*Work instructions*. Return the data below in full and exactly, except that the pictures are dropped.

======== Given material ========

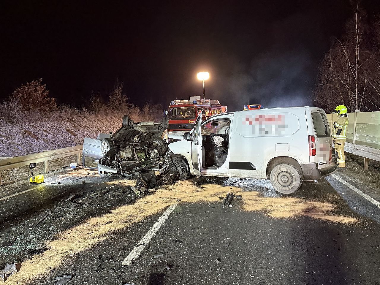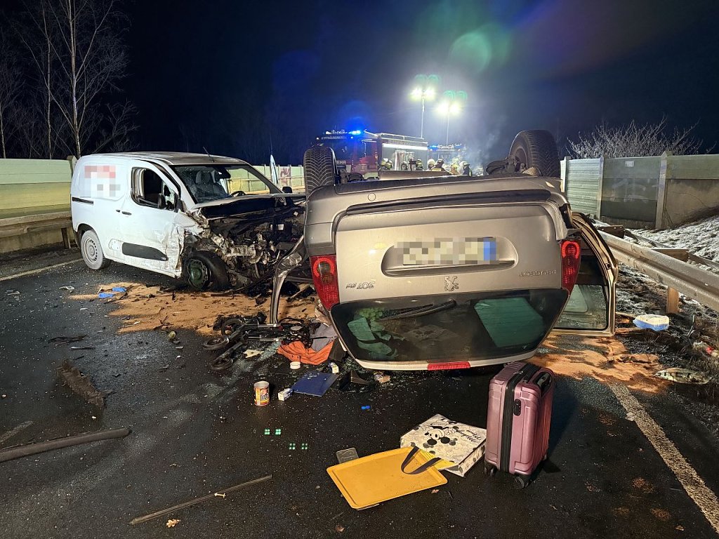 Durch die Wucht des Aufpralls wurde der Kastenwagen auf die Gegenfahrbahn geschleudert, der Peugeot überschlug sich und blieb auf dem Dach liegen.
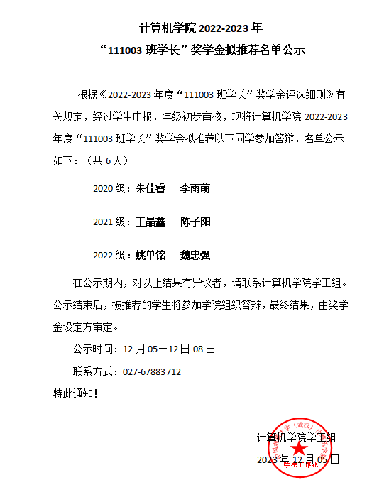 今年会体育官网2022-2023年“111003班学长”奖学金拟推荐名单公示
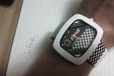 К счастью, перед нами уже не то металлическое монстрообразное устройство, что предстало пред наши очи год назад в виде AirOn Alpha. Нет, перед нами вполне аккуратный, приятный на вид аксессуар размером и толщиной немногим больше среднестатистических мужских часов. Восьмиугольная форма окантовки, металлический корпус, прорезиненный ремешок белого цвета — все это вписывается в рамки традиций для электронных ходиков.
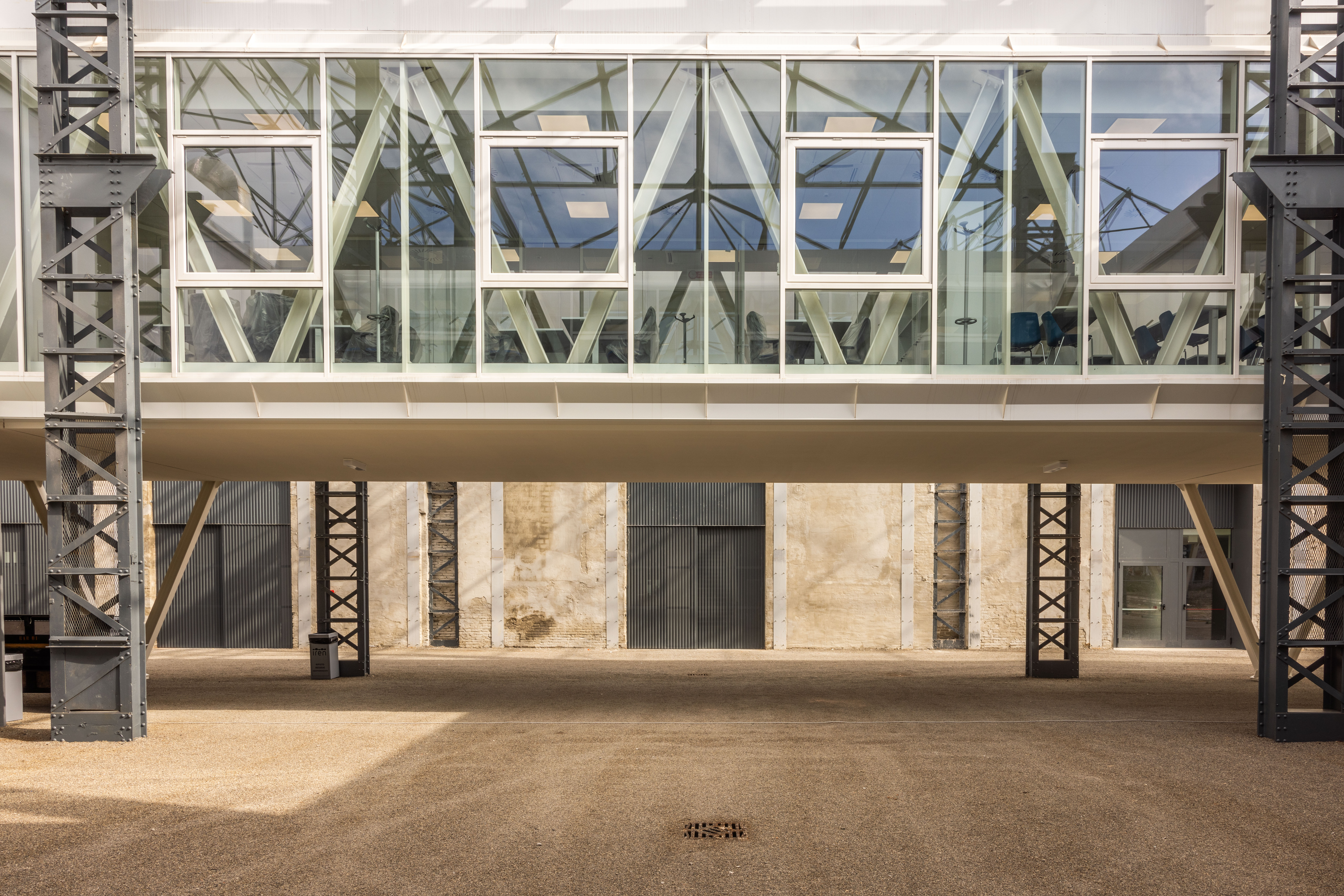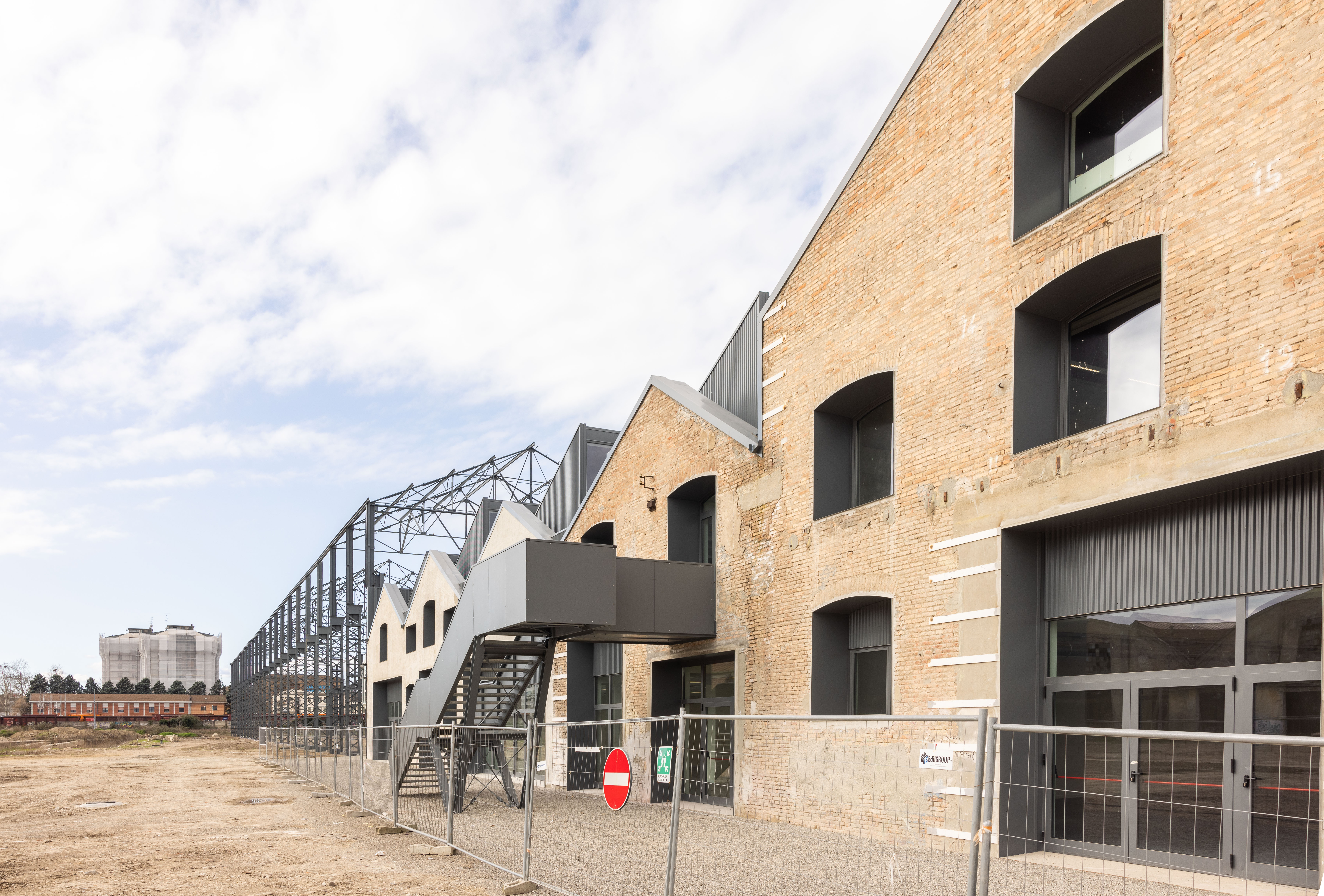 Le murature sono state demolite per lasciare a nudo la copertura con la struttura portante costituita dalle colonne metalliche, travi e travetti sempre in metallo. Al di sotto è stato costruito un nuovo immobile sopraelevato ispirato alla struttura delle gru carroponte presenti nelle storiche Officine Reggiane.

========

*Response*.
 Durch die Wucht des Aufpralls wurde der Kastenwagen auf die Gegenfahrbahn geschleudert, der Peugeot überschlug sich und blieb auf dem Dach liegen.
 今年会体育官网2022-2023年“111003班学长”奖学金拟推荐名单公示
 К счастью, перед нами уже не то металлическое монстрообразное устройство, что предстало пред наши очи год назад в виде AirOn Alpha. Нет, перед нами вполне аккуратный, приятный на вид аксессуар размером и толщиной немногим больше среднестатистических мужских часов. Восьмиугольная форма окантовки, металлический корпус, прорезиненный ремешок белого цвета — все это вписывается в рамки традиций для электронных ходиков.
 Le murature sono state demolite per lasciare a nudo la copertura con la struttura portante costituita dalle colonne metalliche, travi e travetti sempre in metallo. Al di sotto è stato costruito un nuovo immobile sopraelevato ispirato alla struttura delle gru carroponte presenti nelle storiche Officine Reggiane.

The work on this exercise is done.